- Open Access
Studying the unfolding process of protein G and protein L under physical property space
BMC Bioinformatics volume 10, Article number: S44 (2009)
The studies on protein folding/unfolding indicate that the native state topology is an important determinant of protein folding mechanism. The folding/unfolding behaviors of proteins which have similar topologies have been studied under Cartesian space and the results indicate that some proteins share the similar folding/unfolding characters.
We construct physical property space with twelve different physical properties. By studying the unfolding process of the protein G and protein L under the property space, we find that the two proteins have the similar unfolding pathways that can be divided into three types and the one which with the umbrella-shape represents the preferred pathway. Moreover, the unfolding simulation time of the two proteins is different and protein L unfolding faster than protein G. Additionally, the distributing area of unfolded state ensemble of protein L is larger than that of protein G.
Under the physical property space, the protein G and protein L have the similar folding/unfolding behaviors, which agree with the previous results obtained from the studies under Cartesian coordinate space. At the same time, some different unfolding properties can be detected easily, which can not be analyzed under Cartesian coordinate space.

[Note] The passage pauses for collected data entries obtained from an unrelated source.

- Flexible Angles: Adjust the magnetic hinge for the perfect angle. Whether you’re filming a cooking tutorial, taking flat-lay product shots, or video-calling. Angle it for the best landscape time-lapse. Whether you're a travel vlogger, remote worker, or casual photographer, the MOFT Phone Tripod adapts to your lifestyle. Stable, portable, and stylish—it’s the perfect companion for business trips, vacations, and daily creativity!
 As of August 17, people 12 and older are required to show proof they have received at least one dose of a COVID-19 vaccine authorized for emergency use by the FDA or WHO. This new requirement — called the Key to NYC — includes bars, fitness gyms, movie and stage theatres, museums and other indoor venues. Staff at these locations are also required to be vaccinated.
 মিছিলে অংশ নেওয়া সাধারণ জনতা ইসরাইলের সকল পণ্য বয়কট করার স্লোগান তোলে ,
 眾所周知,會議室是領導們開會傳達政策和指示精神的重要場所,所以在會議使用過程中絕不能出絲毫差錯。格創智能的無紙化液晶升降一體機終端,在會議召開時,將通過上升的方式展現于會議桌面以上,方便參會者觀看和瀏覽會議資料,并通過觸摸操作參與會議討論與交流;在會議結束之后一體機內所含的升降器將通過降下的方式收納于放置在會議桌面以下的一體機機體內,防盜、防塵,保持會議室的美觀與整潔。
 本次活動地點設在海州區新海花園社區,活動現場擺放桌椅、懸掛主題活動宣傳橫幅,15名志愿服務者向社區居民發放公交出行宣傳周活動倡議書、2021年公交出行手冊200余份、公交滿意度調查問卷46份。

Most proteins exist in unique three-dimensional conformations exquisitely suited to their function. Protein folding is one of the important and unsolved problems in life science. Some sophisticated theories have been proposed after several decades of extensive research through experimental and theoretical studies. The most popular theory is that native state topology is an important determinant of protein folding mechanism [1, 2]. Studies on some small single-domain proteins suggest that proteins that have similar native structures with low sequence identity have similar transition state ensemble [3, 4] and folding rates of two-state proteins have shown to correlate very well with contact order, a quality linked to topology [5, 6]. On the other hand, there are also some exceptions. Some studies indicated that proteins with the similar native structures maybe have different folding pathway [7–9].

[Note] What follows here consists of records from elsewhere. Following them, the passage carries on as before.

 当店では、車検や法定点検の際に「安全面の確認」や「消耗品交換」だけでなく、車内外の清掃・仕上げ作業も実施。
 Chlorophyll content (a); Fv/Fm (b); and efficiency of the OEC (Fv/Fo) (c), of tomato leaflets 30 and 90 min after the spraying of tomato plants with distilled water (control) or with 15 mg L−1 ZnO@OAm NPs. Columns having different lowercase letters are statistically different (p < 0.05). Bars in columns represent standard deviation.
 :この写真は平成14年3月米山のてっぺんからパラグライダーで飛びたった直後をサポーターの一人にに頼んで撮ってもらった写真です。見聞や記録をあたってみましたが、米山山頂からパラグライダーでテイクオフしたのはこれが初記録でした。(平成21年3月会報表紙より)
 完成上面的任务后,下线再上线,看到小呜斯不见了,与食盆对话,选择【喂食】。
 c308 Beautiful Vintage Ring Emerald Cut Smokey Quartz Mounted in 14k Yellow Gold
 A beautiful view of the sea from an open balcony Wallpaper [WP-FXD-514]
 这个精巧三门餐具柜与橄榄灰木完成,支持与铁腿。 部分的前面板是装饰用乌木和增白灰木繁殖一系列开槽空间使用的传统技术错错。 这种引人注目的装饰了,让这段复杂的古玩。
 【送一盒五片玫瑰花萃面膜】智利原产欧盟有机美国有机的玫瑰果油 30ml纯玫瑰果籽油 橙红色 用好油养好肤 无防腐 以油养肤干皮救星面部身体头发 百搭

The above studies are usually performed under conformational space or geometrical space that is constructed based on the Cartesian coordinates of atoms. The three-dimensional structure of protein is changed during the folding/unfolding process. Companied with transformation of three-dimensional Cartesian coordinates of atoms, some physical parameters, such as native contact number, accessible surface area, radius of gyration, are correspondingly changed. Some parameters, such as the fraction of the native contacts Q, number of unfolded links μ, and the fraction of residues that are ordered N f , have been chosen as reaction coordinates to depict the protein folding/unfolding process. That is to say, physical property parameters representing some properties of protein can describe the characters during the process of protein folding/unfolding as the atoms three-dimensional Cartesian coordinates do. In this study, we investigate the protein folding/unfolding behaviors under physical property space which is based on physical property parameters. Some novel characters of protein folding/unfolding can be revealed under this physical property space .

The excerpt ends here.